On April 7, 2015, Walt Disney Studios, 20th Century Fox, and Lucasfilm jointly announced the digital releases of the six released Star Wars films. Revenge of the Sith was released through the iTunes Store, Amazon Video, Vudu, Google Play, and Disney Movies Anywhere on April 10, 2015.

Walt Disney Studios Home Entertainment reissued Revenge of the Sith on Blu-ray, DVD, and digital download on September 22, 2019. Additionally, all six films were available for 4K HDR and Dolby Atmos streaming on Disney+ upon the service's launch on November 12, 2019. This version of the film was released by Disney on 4K Ultra HD Blu-ray on March 31, 2020 whilst being re-released on Blu-ray and DVD.

3D re-release 
On September 28, 2010, it was announced that all six films in the series were to be stereo-converted to 3D. The films would be re-released in chronological order beginning with The Phantom Menace on February 10, 2012. Revenge of the Sith was originally scheduled to be re-released in 3D on October 11, 2013. However, on January 28, 2013, Lucasfilm announced that it was postponing the 3D release of episodes II and III in order to "focus 100 percent of our efforts on Star Wars: The Force Awakens" and that further information about 3D release plans would be issued at a later date. The premiere of the 3D version was shown on April 17, 2015, at Star Wars Celebration Anaheim.

Reception

Critical response 
On review aggregator Rotten Tomatoes, the film has an approval rating of 79% based on  reviews, with an average rating of . The site's critical consensus reads, "With Episode III: Revenge of the Sith, George Lucas brings his second Star Wars trilogy to a suitably thrilling and often poignant – if still a bit uneven – conclusion." On Metacritic, the film has a weighted average score of 68 out of 100, based on 40 critics, indicating "generally favorable reviews". Audiences polled by CinemaScore gave the film an average grade of "A−" on an A+ to F scale, the same score as the previous two films.

Most critics have considered the film to be the best of the prequel trilogy.
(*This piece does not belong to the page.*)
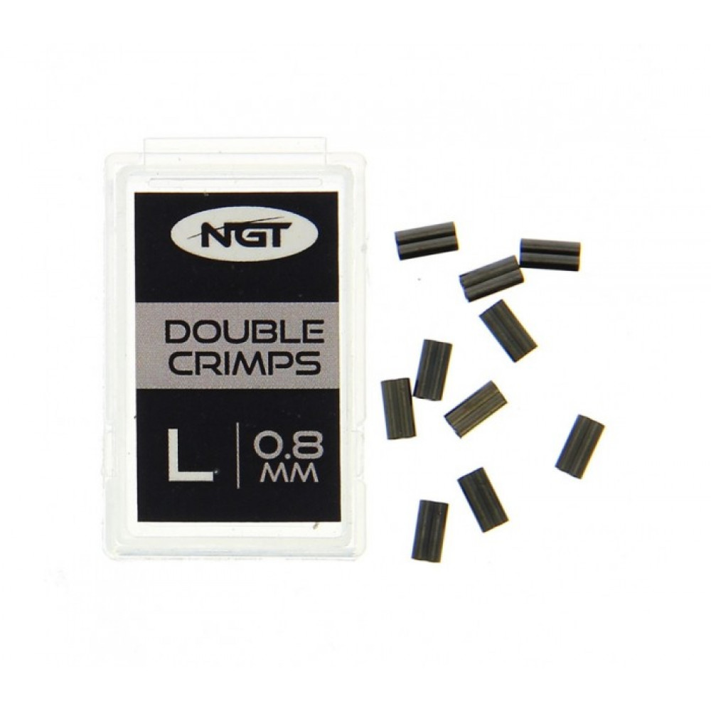 Двойни кримпове NGT Spare Crimps с черно покритие, чудесен избор за направа на здрави монтажи с монофилно влакно или флуорокарбон, които да не гонят подозрителните риби с излишен блясък.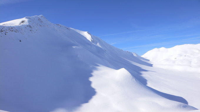 Mit der angekündigten Erwärmung dürfte der steile Südwestgipfelhang der Amselflue mit Vorsicht zu genießen sein.

A. O. Scott of The New York Times concluded that it was "the best of the four episodes Mr. Lucas has directed", and equal to The Empire Strikes Back as "the richest and most challenging movie in the cycle". J.R. Jones, a Chicago Reader critic who disliked The Phantom Menace and Attack of the Clones, gave the film a positive review, saying that it had a "relatively thoughtful story". Roger Ebert of the Chicago Sun-Times gave the film three-and-a-half out of four stars, writing "If [Lucas] got bogged down in solemnity and theory in Episode II: Attack of the Clones, the Force is in a jollier mood this time, and Revenge of the Sith is a great entertainment", but he noted that "the dialogue throughout the movie is once again its weakest point".

Though many critics and fans viewed Revenge of the Sith as the strongest of the three prequels, some viewers thought it was more or less on par with the previous two episodes. Much of the criticism was directed towards the dialogue, particularly the film's romantic scenes; critics claimed this demonstrated Lucas's weakness as a writer of dialogue, a subject with which Lucas openly agreed when receiving the Lifetime Achievement Award from the American Film Institute. Some film critics and fans criticized Hayden Christensen's acting, calling it "wooden". A retrospective review by Time felt that Christensen's maligned performance was in part affected by the screenwriting.

Other responses 
Some American conservatives criticized the film, claiming it had a liberal bias and was a commentary on the George W. Bush administration and Iraq War. Some websites went so far as to propose a boycott of the film. Lucas defended the film, stating that the film's storyline was written during the Vietnam War and was influenced by that conflict rather than the war in Iraq. Lucas also said "The parallels between Vietnam and what we're doing in Iraq now are unbelievable".

Art critic Camille Paglia praised the film as an essential example of the modern digital art movement due to its "overwhelming operatic power and yes, seriousness", and arguing that its finale has "more inherent artistic value, emotional power, and global impact" than the work of some contemporary artists.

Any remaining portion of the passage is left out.